Governors and Administrators
Governor of New South Wales – Margaret Beazley
Governor of Queensland – Jeannette Young
Governor of South Australia – Frances Adamson 
Governor of Tasmania – Barbara Baker
Governor of Victoria – Linda Dessau
Governor of Western Australia – Chris Dawson
Administrator of the Australian Indian Ocean Territories – Natasha Griggs
Administrator of Norfolk Island – Eric Hutchinson
Administrator of the Northern Territory – Vicki O'Halloran (until 2 February), then Hugh Heggie

Events

January
 2 January – 2023 Gold Coast helicopter crash: A mid-air collision between two helicopters in Gold Coast, Queensland near Sea World kills four and injures nine.
 10–16 January – Western Australian radioactive capsule incident: A tiny radioactive capsule goes missing along a 1,400-kilometre stretch of the Great Northern Highway in Western Australia.
 12 January –
 Thomas Sewell is sentenced to an 18-month community corrections order with 150 hours of community for affray and recklessly causing injury.
 Liberal Premier of New South Wales – Dominic Perrottet reveals that he wore a Nazi uniform as fancy dress at his 21st birthday, apologising at a media conference after a cabinet minister was made aware of the incident.

February 
 1 February – Western Australian radioactive capsule incident: A search team from Australian Nuclear Science and Technology Organisation and the WA Department of Fire and Emergency Services finds the missing caesium-137 capsule 74 km (46 mi) south of Newman.
 2  February – the Reserve Bank of Australia announced that King Charles III will not appear on the new five-dollar banknote, a design celebrating First Nations peoples to appear instead.
 6 February – 2023 Coulson Aviation crash: A Boeing 737-300 serving as a firefighting air tanker crashes in the Fitzgerald River National Park in southern Western Australia.
 9 February – Former Liberal Minister for Education and Youth Alan Tudge announced his resignation in parliament, effective from the end of the following week.
 18 February – At a Country Liberal Party meeting, party members vote to oppose the Voice to Parliament.
 18 February - The World Club Challenge takes place with the Penrith Panthers losing by one point.
 23 February – The national campaign in favour of the Indigenous Voice to Parliament referendum officially begins at the Tandanya National Aboriginal Cultural Institute in Adelaide.

March 
 2 March – The 2023 NRL season commences, with Melbourne Storm defeating Parramatta Eels 16–12 at CommBank Stadium.
 5 March – The Dolphins play their inaugural NRL match, defeating Sydney Roosters 28–18.
 18 March – approximately 30 members of the National Socialist Network, including Thomas Sewell, attended a rally in Melbourne in support of British anti-transgender activist Kellie-Jay Keen-Minshull, who spoke at the rally while visiting the city on her Australian tour.

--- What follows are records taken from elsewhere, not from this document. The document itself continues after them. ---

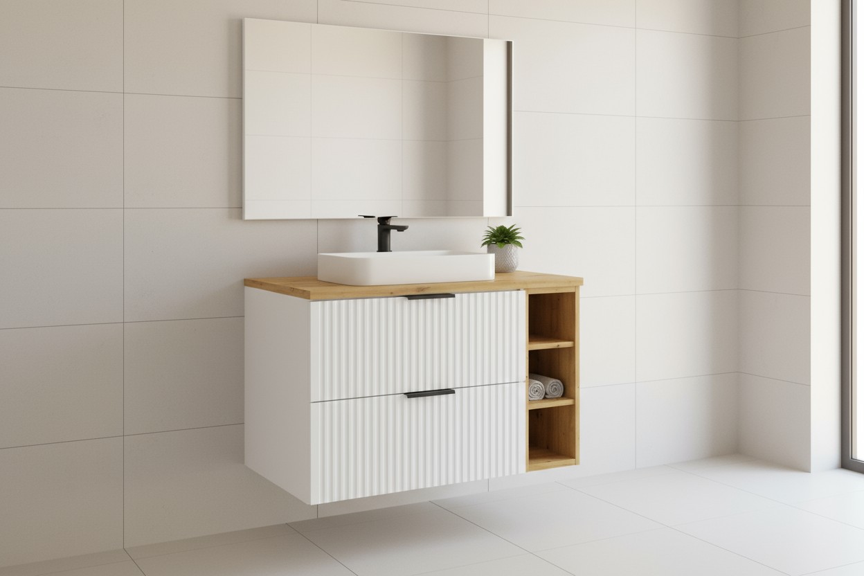Fabriqué en panneaux de particules et MDF de première qualité, le meuble NOXERA 80 cm allie robustesse et esthétique. Sa structure suspendue facilite le nettoyage du sol et accentue la sensation d’espace dans votre salle de bain.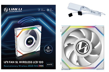 Вентилятори серії SL Wireless підтримують систему взаємного з'єднання UNIFAN — фірмовий механізм daisy-chain, завдяки якому фани з'єднуються між собою без окремих кабелів, просто защіпками-контактами прямо на рамці. LCD-дисплей діаметром 1,6 дюйма розташований у центрі вентилятора і дозволяє відображати температуру процесора, завантаження системи, власні зображення або анімацію — все налаштовується через програмне забезпечення L-Connect 3.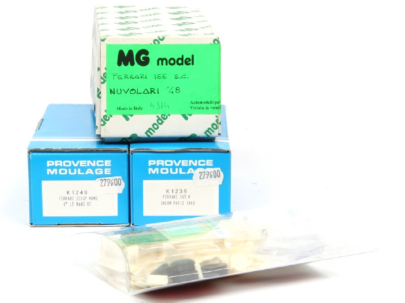 kits à monter - semblent complets - comprend notamment les modèles : 365 P, 333 SP & 166 S.C - on y retrouve les marques : PROVENCE MOULAGE, MG MODEL & MODELLINI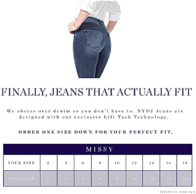 70% Cotton, 13% Polyester, 10% Lyocell, 5% Elastomultiester, 2% Elastane Imported No closure closure Machine Wash BOOTCUT JEANS FOR WOMEN: Not too long, not too short, the NYDJ Barbara Bootcut Jeans fit just right. The traditional bootcut fit gives you a flattering legs-for-days look and makes these jeans an effortless closet staple. EXCLUSIVE LIFT TUCK TECHNOLOGY: This unique technology uses a proprietary slimming panel with a patented crisscross design to shape and support your curves for an always-sleek silhouette. It will lift, slim, and flatten in the front for a flattering fit. MEASUREMENTS: Inseam runs 32 inches, front rise is 9.75 inches, with a leg opening of 17.5 inches. Due to the Lift Tuck Technology, select one size down from what you normally wear for the best fit.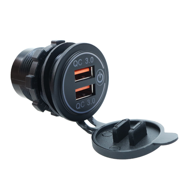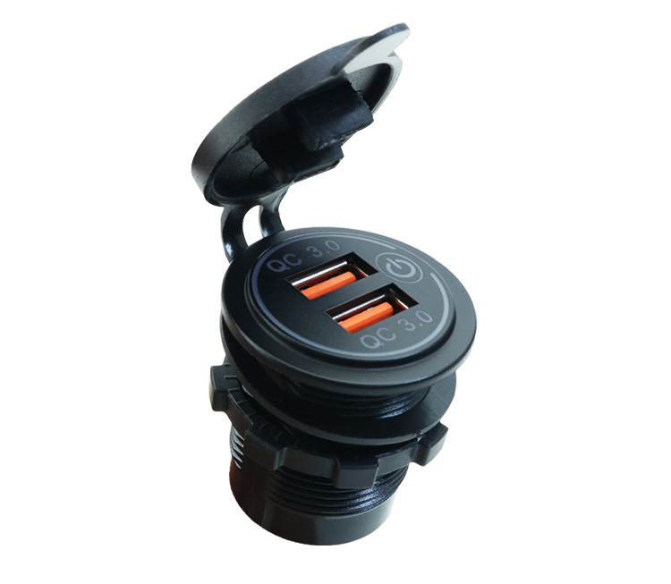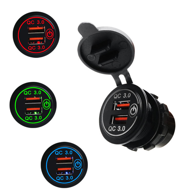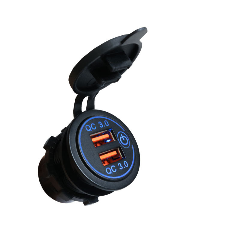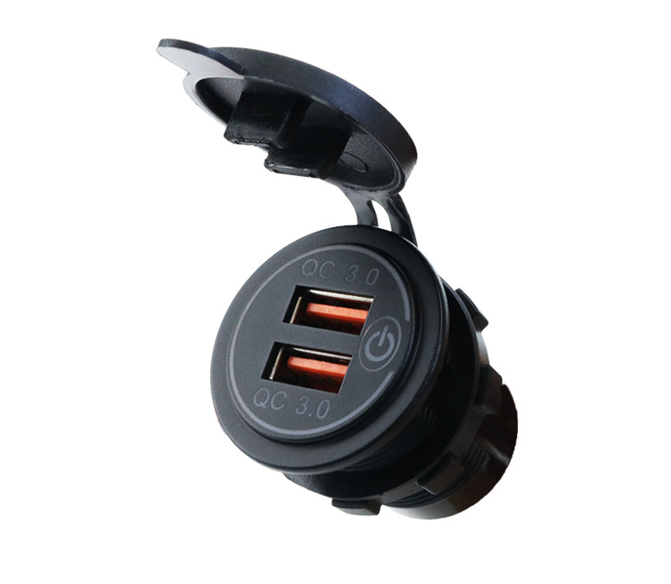 USB utičnica sa dva USB priključka od 3.0A za brzo punjenje, sa zaštitnim poklopcem i osvetljenjem (crvena ili plava boja).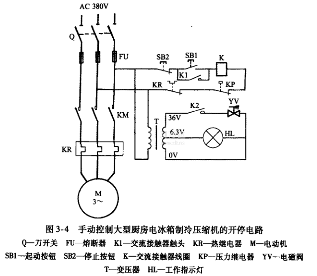 手動控制大型廚房電冰箱制冷壓縮機的開停電路是控制電路中基本的電路,其典型電路如圖3-4所示。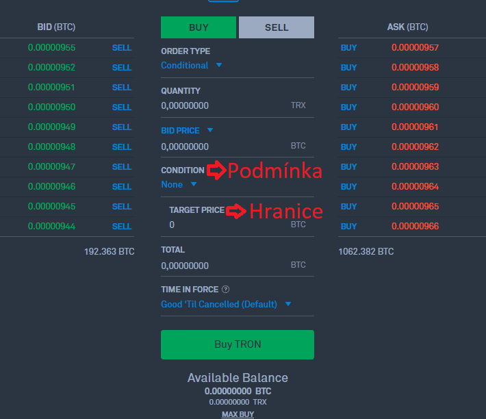 Limit a market – přednastavená možnost v rozhraní, pokud člověk chce kryptoměnu nakoupit okamžitě, stačí mu zadat množství (Quantity) a jako Bid Price dát cenu Ask (což je ve své podstatě standardní příkaz Market). Lze také zadat běžný limitní příkaz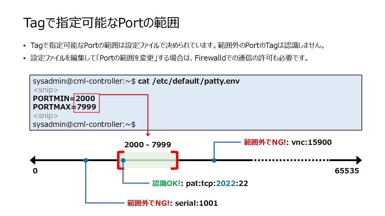 デフォルトではTCPの2000から7999の範囲を認識するため、実際の使用可能なPortは本例より余裕があります。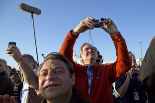 Ο ιδρυτής της Scaled Composites και θρύλος της αεροδιαστημικής βιομηχανίας Burt Rutan απαθανατίζει στιγμιότυπα με τη μηχανή του, ενώ σε πρώτο πλάνο βλέπουμε τον ιδιοκτήτη της X-Prize Πίτερ Διαμαντή…
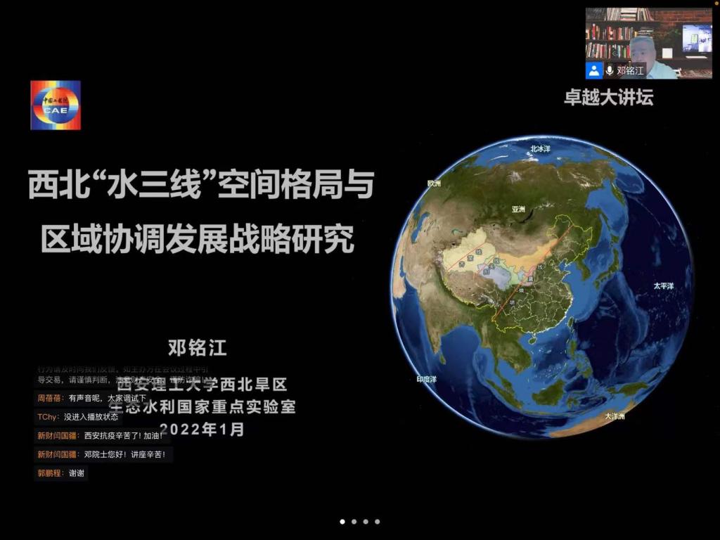 1月18日下午,pp电子官方网站线上上举办了“卓越大讲坛·对话院士”报告会,中国工程院院士邓铭江作了题为“西北‘水三线’空间格局与区域协调发展战略”的报告,中电建西北院、中铁隧道局、天津大学等兄弟高校师生、水利行业专家、学者700余人参加了此次报告会。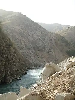 The Varzob rises on the southern flank of the Gissar Mountains, and flows south. It passes through the Varzob District, the town Varzob and through the Tajik capital Dushanbe.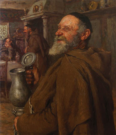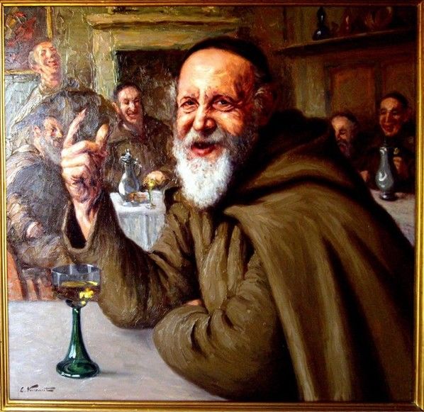536 | Mönch beim Wein (Öl/Holz) Anmerkung: links unten signiert Ähnliche Motive: 0088,0464, 0466, 0419 | -/- (quer) | Mannheimer Familie |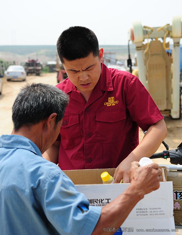 圖7:早上6:40,楊亞超為合作農(nóng)戶講解進(jìn)口生物制劑的用法。張?jiān)9咎峁┑霓r(nóng)資都是有機(jī)生物制劑,能自動(dòng)降解,保證張?jiān).a(chǎn)品質(zhì)量安全。
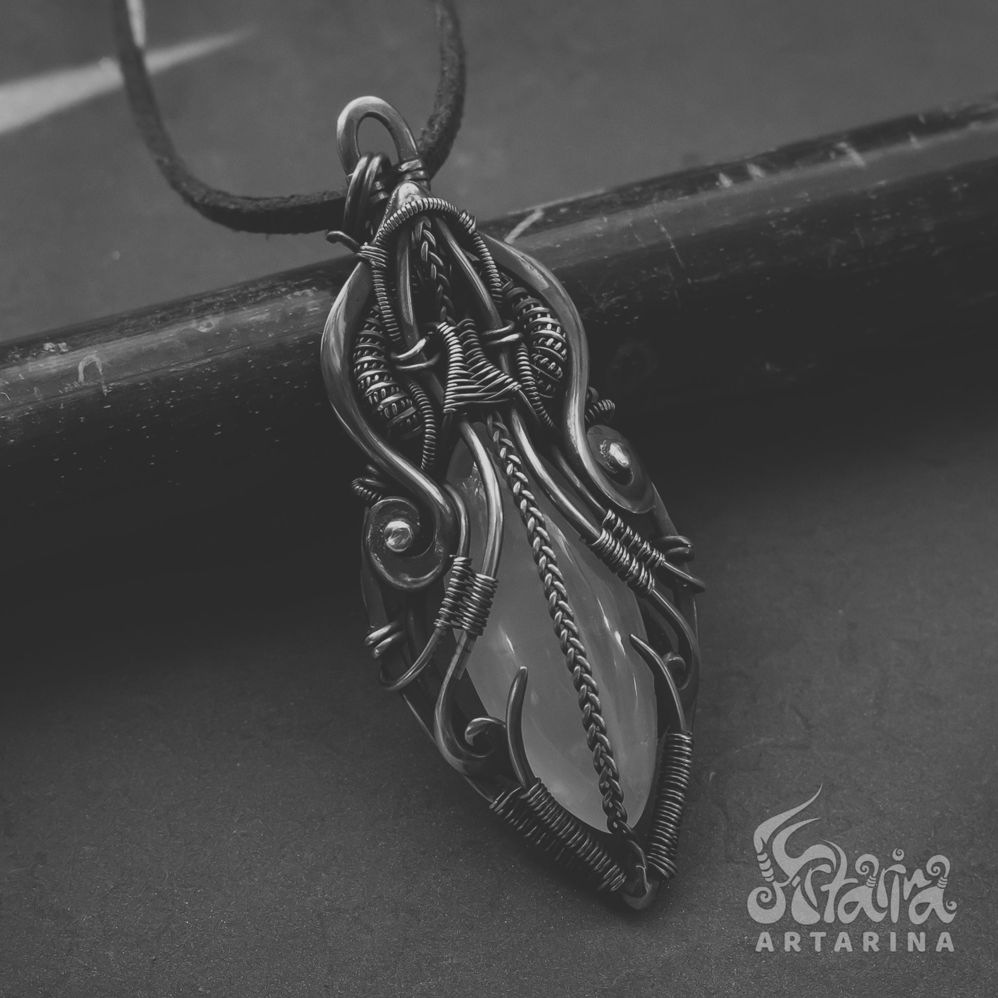 Pure copper heady wire wrapped necklace with natural rose quartz stone. Necklace is 100% handmade, one of a kind and unique. Original design by Artarina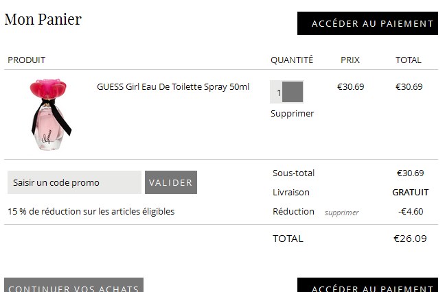 Donc encore une fois une bonne affaire sur feelunique … Le flacon est à 30.69 euros mais on peut ajouter en plus le code de réduction « STYLE2015 » qui fait passer le prix à 26 euros ..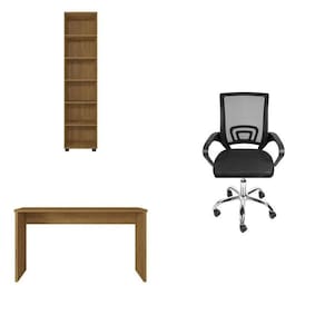 O Conjunto é composto por uma cadeira, uma escrivaninha e uma Estante para Livros feitos com MDP para dar aquele ar de robustez e beleza. É a combinação perfeita e versátil para seu home office, combinando também com vários ambientes, desde um simples local para estudos até um escritório. A Mesa para Escritório possui design simples e elegante; O livreiro é ideal para guardar e ajudar a organizar os seus livros com 5 prateleiras (sendo 3 removíveis), tudo para deixar o seu ambiente harmonizado. As peças possuem as seguintes medidas: Escrivaninha Multiuso 16443.135: 75x127x53cm (AxLxP) Estante 16449.135: 189x63x39cm (AxLxP) Acabamento: Pintura UV Altura do Conjunto: 188 cm Ambiente: null Ambiente Principal: Escritório Cor: Freijó/Preto Informação Complementar: 1x Cadeira para Escritório Diretor Tela Mesh Tok 3310 Or Design Preto Largura: 59,5 cm Altura: 85 cm Peso: 8,5 kg Profundidade: 49 cm Necessita Montagem: Sim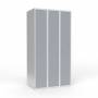 Skoleskab, helsvejst 3x300 med lige tag. 1 rum i højden. Lys grå kabinet (RAL 7035) med pulverlakeret ståldør grå (RAL 7040). Leveres med færdigmonteret greb for hængelås ASSA 3906. Totalmål (b x d x h) 900 x 550 x 1750 mm.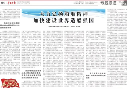 11月23日,中共中央黨校主辦的以思想理論宣傳為主旨的中央級大報《學習時報》刊發(fā)了中國船舶集團有限公司黨組副書記、總經(jīng)理楊金成署名文章《大力弘揚船舶精神 加快建設世界造船強國》。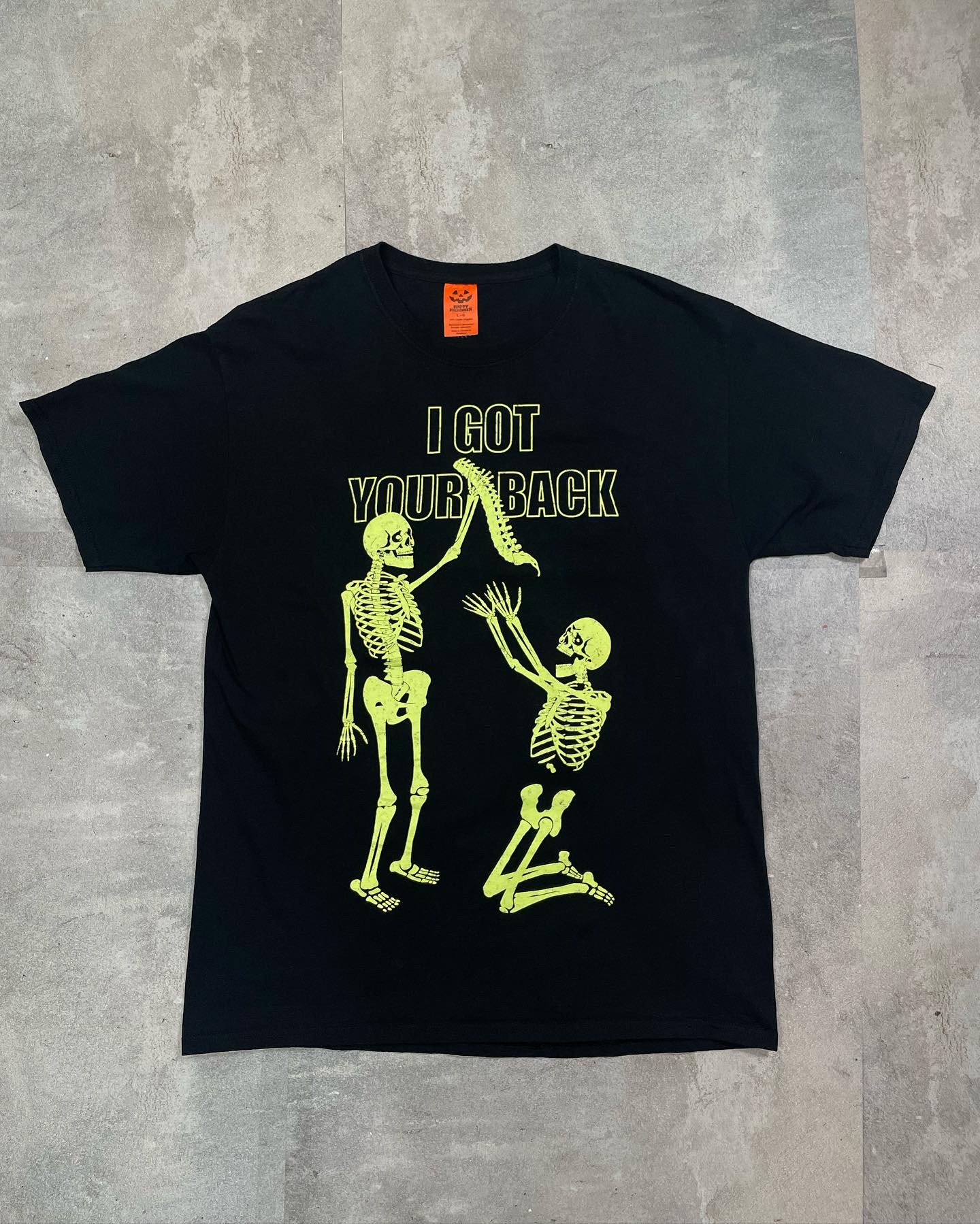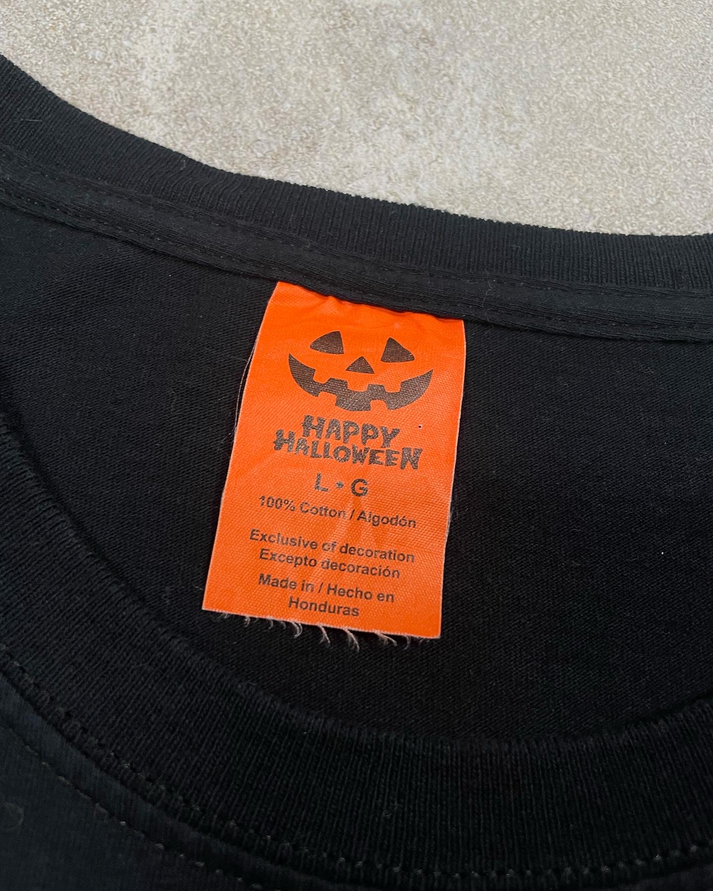 미국 해피할로윈사의 빈티지 티셔츠입니다. 할로윈 바이브에 어울리는 유쾌한 프린팅이 매력적이며 야광으로 되어있어 밤에는 빛나는 나염 프린팅입니다. 하자 및 데미지 없는 훌륭한 컨디션이며 실측 100-105 정도 되는 사이즈감입니다

Members of the NSN marched down Spring Street, displayed a banner that read "DESTROY PAEDO FREAKS", performed Nazi salutes on the stairs of Victorian Parliament House. A counterprotest in support of transgender rights, attended by many students, transgender activists, and socialists, clashed with the group. While the police, including several mounted officers, attempted to separate the two groups. The events were condemned by the Labor Party, the Liberal Party and the Greens.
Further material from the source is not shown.